Thursday, July 30, 1998

Miss K on the Verge of Coming Home (or a nervous breakdown)


Well, I think it is official: I have a cold, proof that I'm not pregnant and some digestive irregularities... I'm ready to come home. (I apologize if that was too much information for most of you but I swear, travelers talk about these types of things more often than the weather).

Just now I was sitting in the Plaza de Armas soaking in the sun and trying toH just chill out when this truck advertising the circus came by. It has cages with live tigers, lions and bears in the back and plays the most irritating prerecorded advertisement. I tried to ignore it but it kept circling the Plaza and I was forced to come in here to send an email. The only redeeming thing about this circus is that they claim they will have a chupacabra!
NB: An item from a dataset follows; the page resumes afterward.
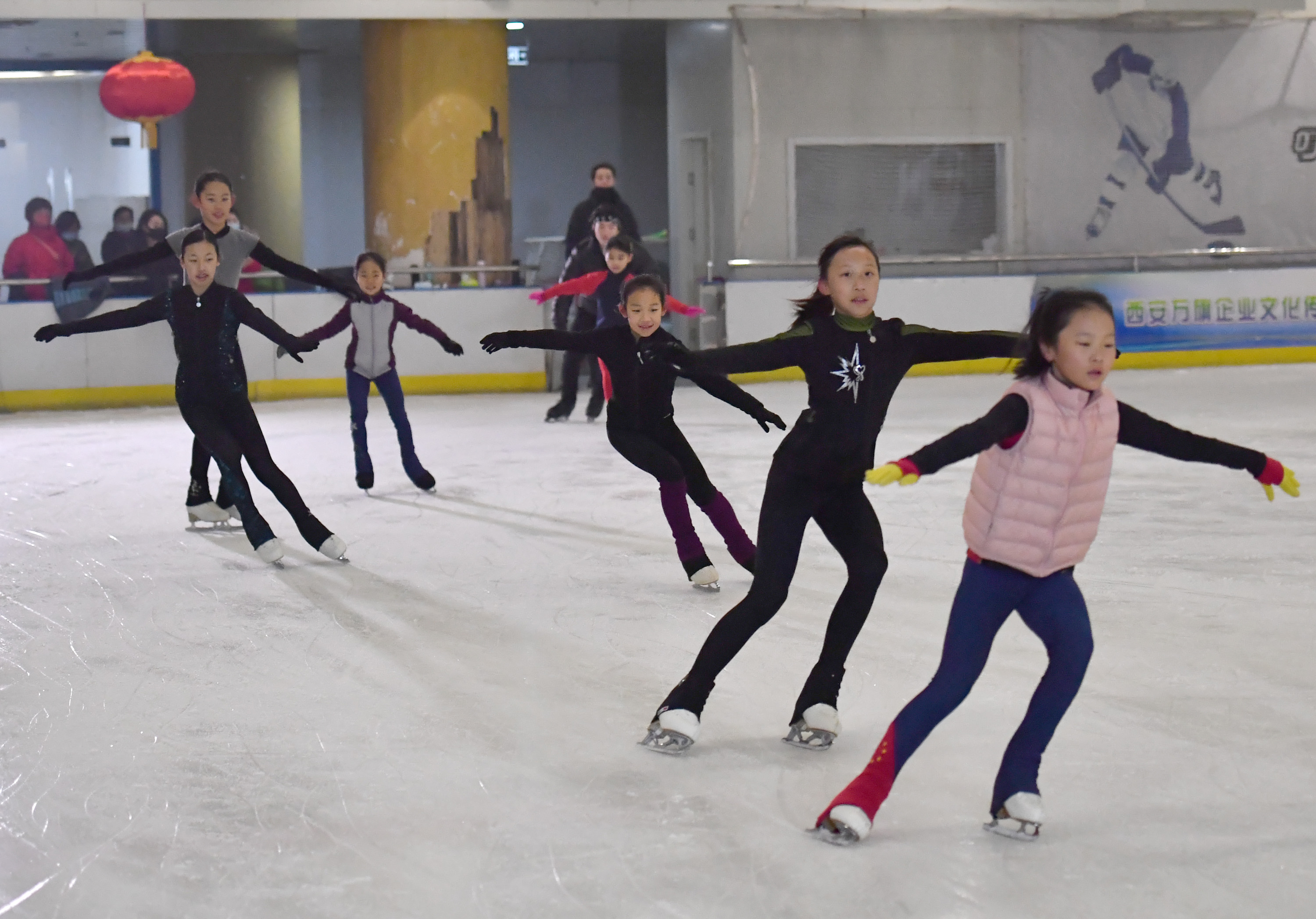 新华社照片,西安,2022年2月17日 陕西:冰雪经济蓬勃发展 2月11日,在陕西西安市奥佳冰上运动俱乐部内,队员们在练习花样滑冰。 近年来,随着陕西省冰雪运动场馆建设水平逐步提高,越来越多群众参与到冬季运动之中,激发门票、培训、服务业、器材装备等冰雪消费快速增长。据不完全统计,目前陕西省累计参与冰雪运动人数达到540万人,带动体育消费50多亿元;其中2020至2021年,陕西省滑雪场带动体育消费增长达10多亿元。 新华社记者 邵瑞 摄

Monday, Marina (one of the Habitat people - she's only 16!) and I went rafting on the Urubamba river. You know what? It sucked. It took a long time to get there. When we did, we were part of a caravan of rafts and since ours had the rescue equipment we had to wait for everyone else. The river was kind of low so there were only a few exciting points. Plus, there were two women from Texas in the front, then Marina and I, then three big old Peruvian gordos that would hardly row. I am sure I am a much stronger person for hauling these guys down the river.

We though that Tuesday we would hang around town and watch the celebrations for Independence day but guess what? They had all the festivities on Monday when we were on our river trip. Heck.

Yesterday, we went on a hike to see some of the ruins right around Cusco. It was pretty fun, although (Chandrika, you will be happy to know) we couldn't figure out where we were supposed to be going and got a little lost.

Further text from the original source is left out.